The anti-nuclear energy group Abalone Alliance, after organizing a protest and blockade of the Diablo Canyon nuclear power plant, faces a lawsuit for $1 million filed by the Pacific Legal Foundation (PLF). The PLF is a non-profit law firm heavily funded and supported by California’s anti-tax, small-government, and corporate interest groups. PLF, over the course of the 1970s, had a strong track record of winning 80% of all of its cases along with several major successes defending the nuclear industry.


A few days after the Abalone Alliance began its blockade of the Diablo Canyon nuclear power plant in September, it was hit with a lawsuit—for a cool million dollars. The resulting legal battle is now heating up in San Luis Obispo Superior Court.
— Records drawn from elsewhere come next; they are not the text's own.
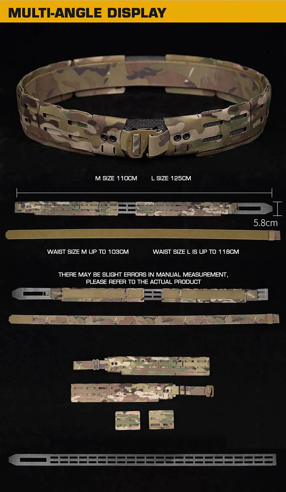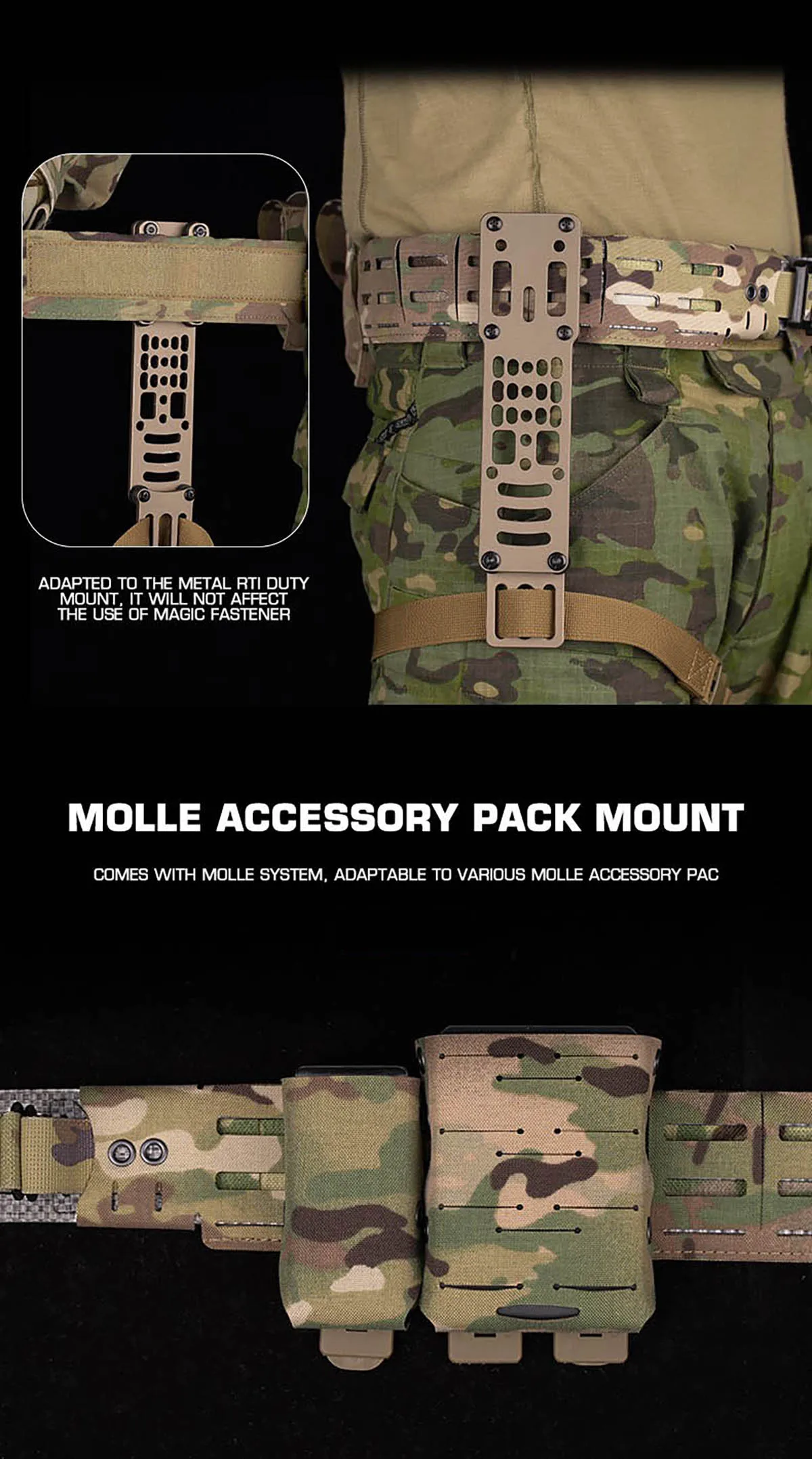 Personalización completa y ecosistema MOLLE: el cinturón exterior está construido con una rejilla de correas MOLLE/PALS completa, lo que le permite colocar una amplia gama de bolsas, fundas y accesorios compatibles con MOLLE.La sección trasera cuenta con soportes de accesorios deslizantes que se pueden ajustar o actualizar con paquetes MOLLE adicionales, lo que permite infinitas configuraciones de carga adaptadas a su misión.
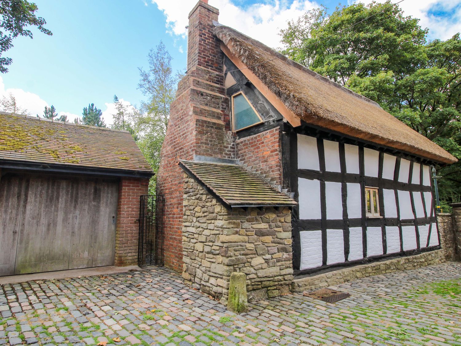 "This detached cottage has an open-plan living space with a kitchen equipped with electric oven and hob, microwave, and fridge, a dining area for four guests, and a sitting area with TV with Freeview and DVD player. There is one double bedroom with an en-suite shower room. Outside, there is a front, enclosed gravelled garden with furniture and bike storage, and roadside parking for one car. Within 1.6 miles, there is a shop, and within 0.1, a pub. Sorry, smoking is not permitted. WiFi, fuel, power, bed linen and towels are all included in the price. Note: No children, only babes in arms are allowed at this property and guests are asked to bring own cot. Note: No Pets Note: Sloped ceiling and beams in bedroom. For a romantic holiday in Shropshire, book your stay at Manor Cottage."
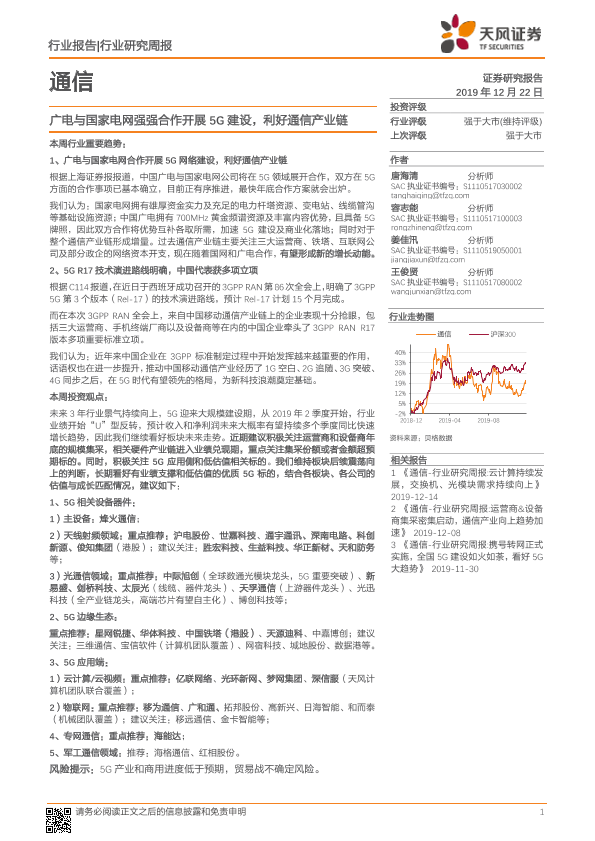 【天风证券】【20191222】通信行业研究周报:广电与国家电网强强合作开展5G建设,利好通信产业链-17页
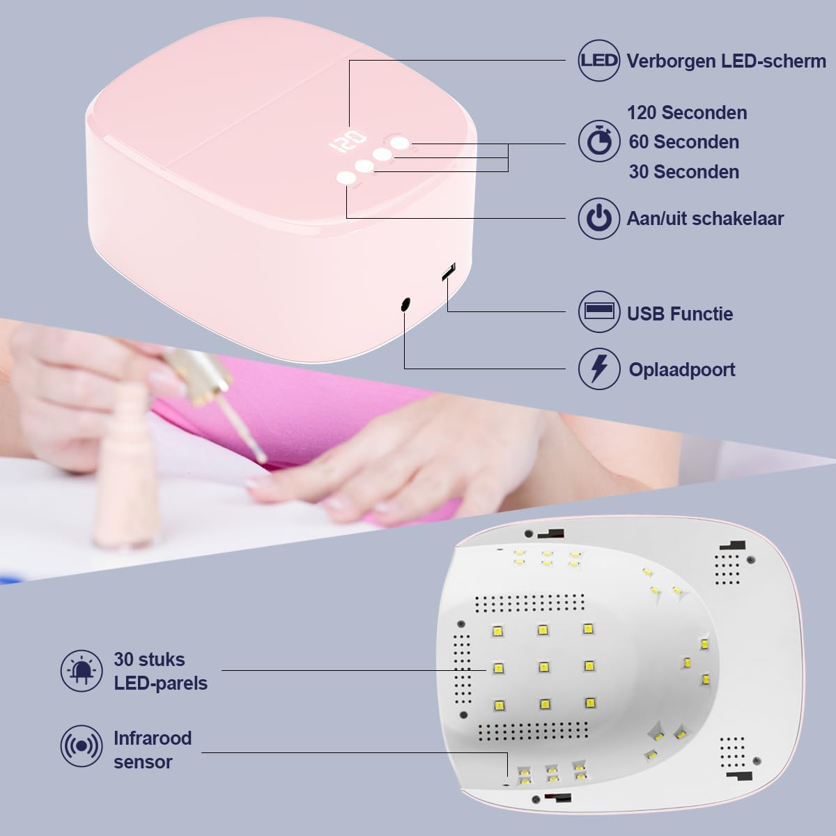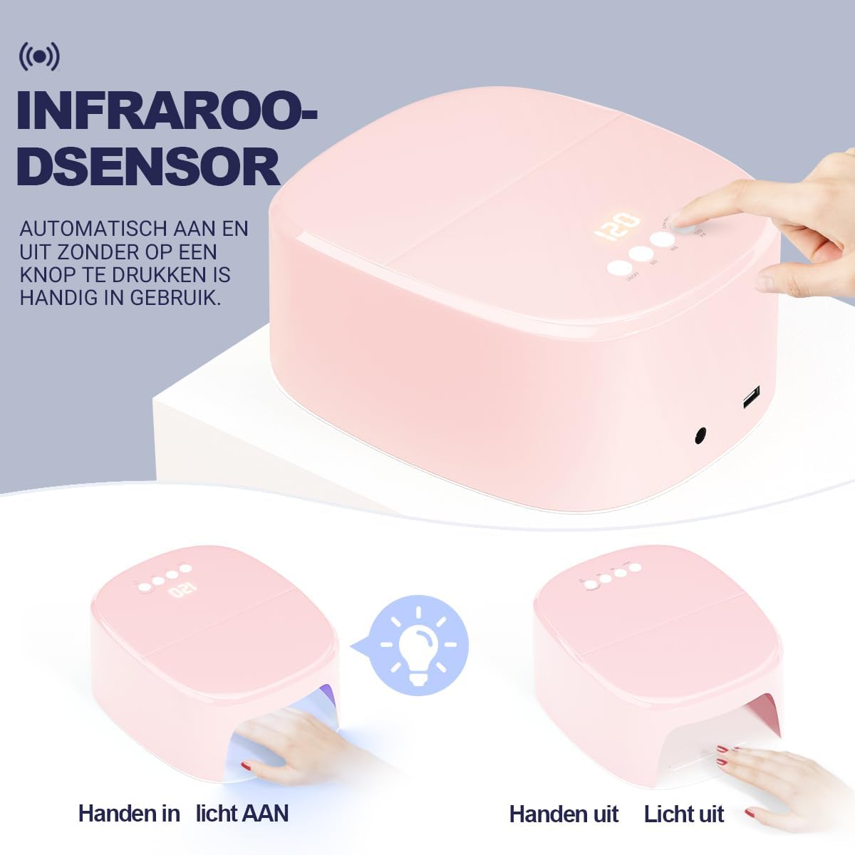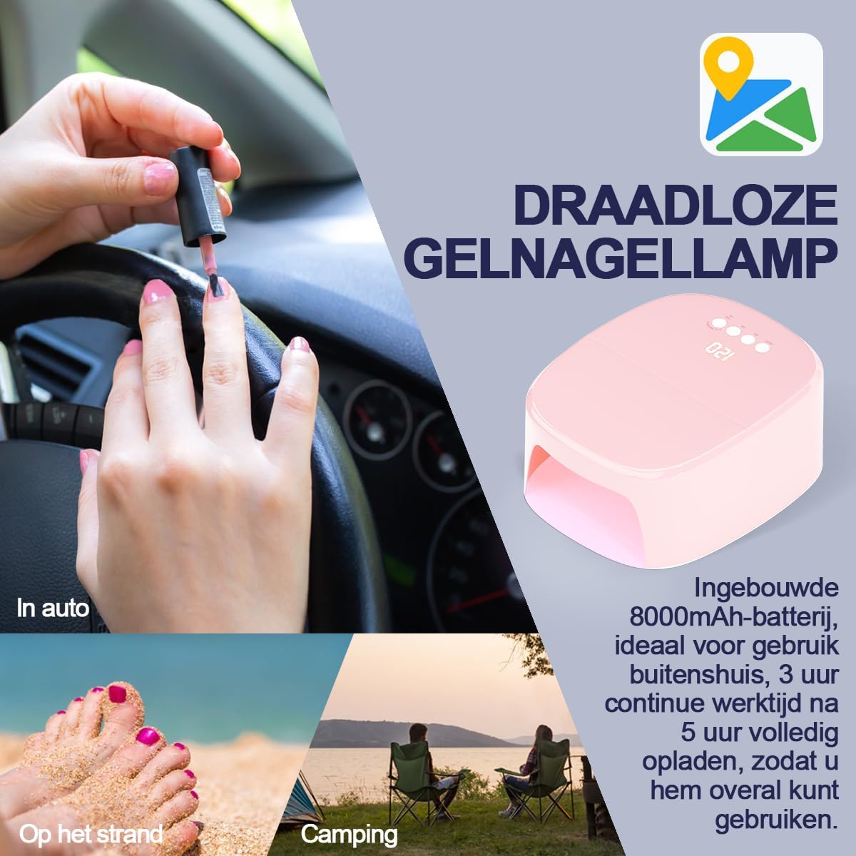 【Cordless Design】This cordless UV Led nail lamp has a built-in rechargeable battery, and the premium quality battery can be used for 2-3 hours after being fully charged. You can take it anywhere.

In addition to the Abalone Alliance, the suit also names as defendants the Alliance for Survival, Greenpeace, Mothers for Peace, and several other groups and individuals. It was filed by the Pacific Legal Foundation (PLF), a non-profit law firm heavily connected to California corporate interests, which is suing the Abalone on behalf of groups including the California Association of Utility Shareholders, the San Luis Obispo Countywide Coalition for Less Government, and Santa Barbarans for a Rational Energy Policy. Members of these groups, the suit claims, have been injured by the blockade's obstruction of PG&E's business and by the costs to taxpayers of arresting the blockaders.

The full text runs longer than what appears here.